| PROVIDED DATA |
○ ○ ○ ○ ○ ○ ○

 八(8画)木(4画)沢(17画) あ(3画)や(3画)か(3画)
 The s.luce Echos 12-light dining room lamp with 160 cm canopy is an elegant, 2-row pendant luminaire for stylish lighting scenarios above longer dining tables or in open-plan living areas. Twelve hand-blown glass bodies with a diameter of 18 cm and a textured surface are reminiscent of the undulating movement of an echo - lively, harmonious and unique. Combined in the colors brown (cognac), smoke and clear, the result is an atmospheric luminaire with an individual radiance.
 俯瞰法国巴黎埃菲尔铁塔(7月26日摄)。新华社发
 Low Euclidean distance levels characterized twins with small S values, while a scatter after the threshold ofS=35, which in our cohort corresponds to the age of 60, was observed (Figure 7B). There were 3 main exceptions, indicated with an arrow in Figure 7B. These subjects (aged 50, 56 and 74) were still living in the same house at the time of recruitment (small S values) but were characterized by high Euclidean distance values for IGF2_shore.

○ ○ ○ ○ ○ ○ ○

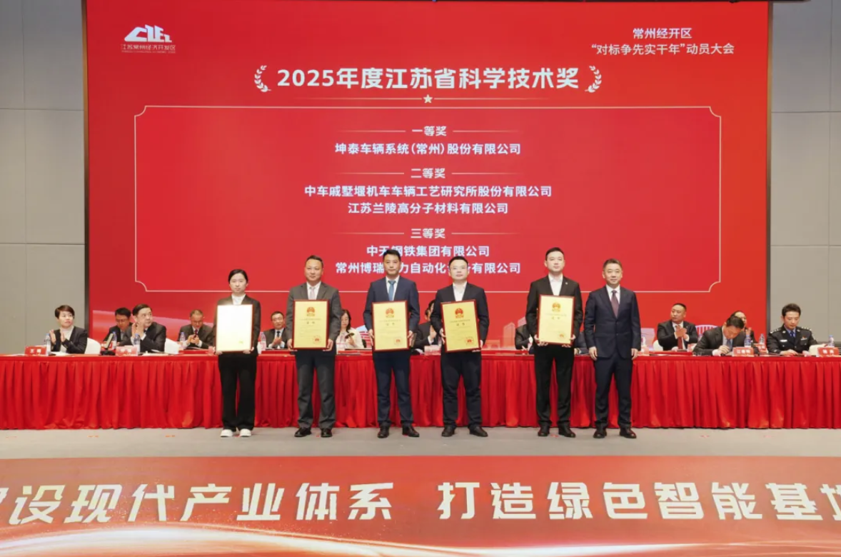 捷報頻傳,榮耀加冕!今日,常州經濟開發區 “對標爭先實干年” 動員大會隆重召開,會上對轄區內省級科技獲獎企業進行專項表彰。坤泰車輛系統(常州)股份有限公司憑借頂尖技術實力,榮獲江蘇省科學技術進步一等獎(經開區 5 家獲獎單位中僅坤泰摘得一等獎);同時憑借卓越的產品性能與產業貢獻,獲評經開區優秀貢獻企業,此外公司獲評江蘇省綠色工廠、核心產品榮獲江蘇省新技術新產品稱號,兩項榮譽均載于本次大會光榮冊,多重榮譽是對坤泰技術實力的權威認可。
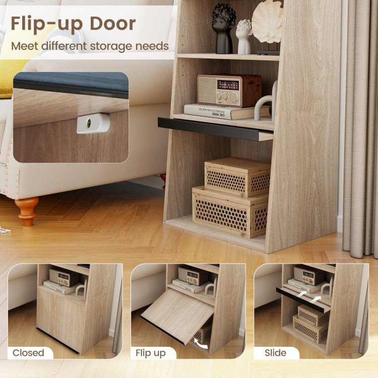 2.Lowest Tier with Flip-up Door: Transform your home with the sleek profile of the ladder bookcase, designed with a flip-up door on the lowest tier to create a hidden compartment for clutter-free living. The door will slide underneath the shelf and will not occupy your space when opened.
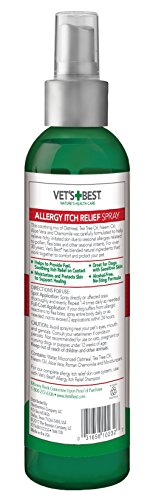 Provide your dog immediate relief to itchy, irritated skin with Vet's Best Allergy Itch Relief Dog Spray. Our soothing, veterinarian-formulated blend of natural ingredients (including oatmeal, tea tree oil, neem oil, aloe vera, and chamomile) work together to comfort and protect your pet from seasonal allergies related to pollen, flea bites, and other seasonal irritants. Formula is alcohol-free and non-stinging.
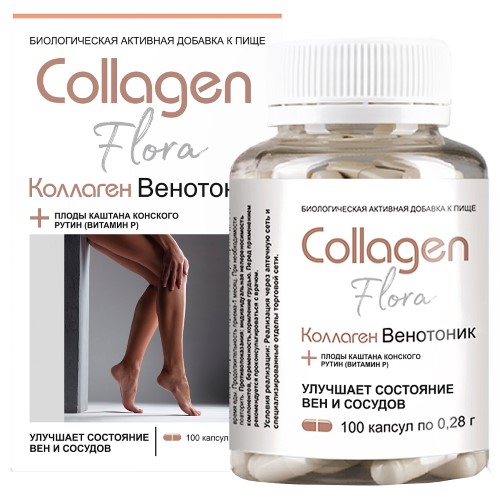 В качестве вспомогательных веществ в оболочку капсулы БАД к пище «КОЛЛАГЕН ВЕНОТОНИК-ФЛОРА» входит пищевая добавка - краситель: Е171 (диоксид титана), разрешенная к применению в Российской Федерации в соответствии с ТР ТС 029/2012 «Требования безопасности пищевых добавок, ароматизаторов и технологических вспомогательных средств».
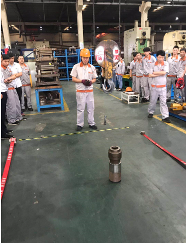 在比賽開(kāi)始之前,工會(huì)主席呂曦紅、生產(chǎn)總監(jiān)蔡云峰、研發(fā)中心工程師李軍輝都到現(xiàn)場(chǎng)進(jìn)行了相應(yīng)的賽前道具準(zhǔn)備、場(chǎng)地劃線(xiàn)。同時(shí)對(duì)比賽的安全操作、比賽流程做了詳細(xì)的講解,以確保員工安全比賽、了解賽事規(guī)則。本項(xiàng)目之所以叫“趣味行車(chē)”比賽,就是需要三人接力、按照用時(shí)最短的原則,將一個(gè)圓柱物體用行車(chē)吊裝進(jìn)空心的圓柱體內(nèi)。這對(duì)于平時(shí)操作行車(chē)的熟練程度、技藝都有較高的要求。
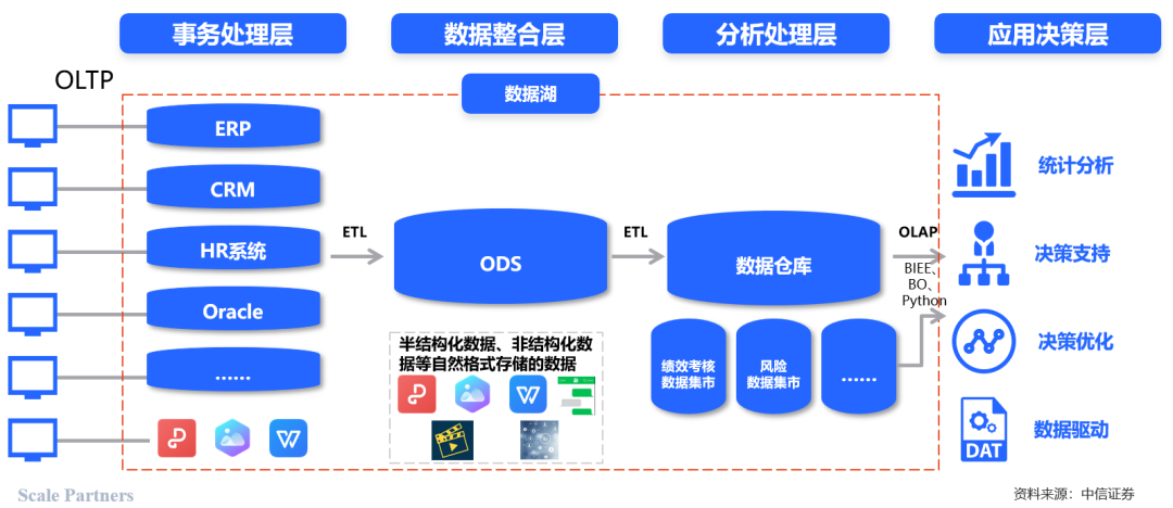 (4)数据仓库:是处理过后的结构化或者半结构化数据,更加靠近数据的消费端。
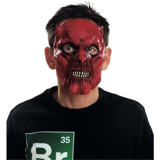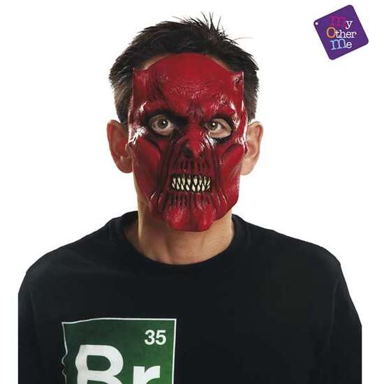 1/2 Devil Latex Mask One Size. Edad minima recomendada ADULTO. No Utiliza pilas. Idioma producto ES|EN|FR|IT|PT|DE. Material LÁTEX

○ ○ ○ ○ ○ ○ ○

| TASK DESCRIPTION |
Since the pictures are not part of the copy, please transcribe only the lines above from the one with "(4)数据仓库:是处理过后的结构化或者半结构化数据,更加靠近数据的消费端。" through the one with "1/2 Devil Latex", exactly and with both ends.

| RESULT |
 (4)数据仓库:是处理过后的结构化或者半结构化数据,更加靠近数据的消费端。
 1/2 Devil Latex Mask One Size. Edad minima recomendada ADULTO. No Utiliza pilas. Idioma producto ES|EN|FR|IT|PT|DE. Material LÁTEX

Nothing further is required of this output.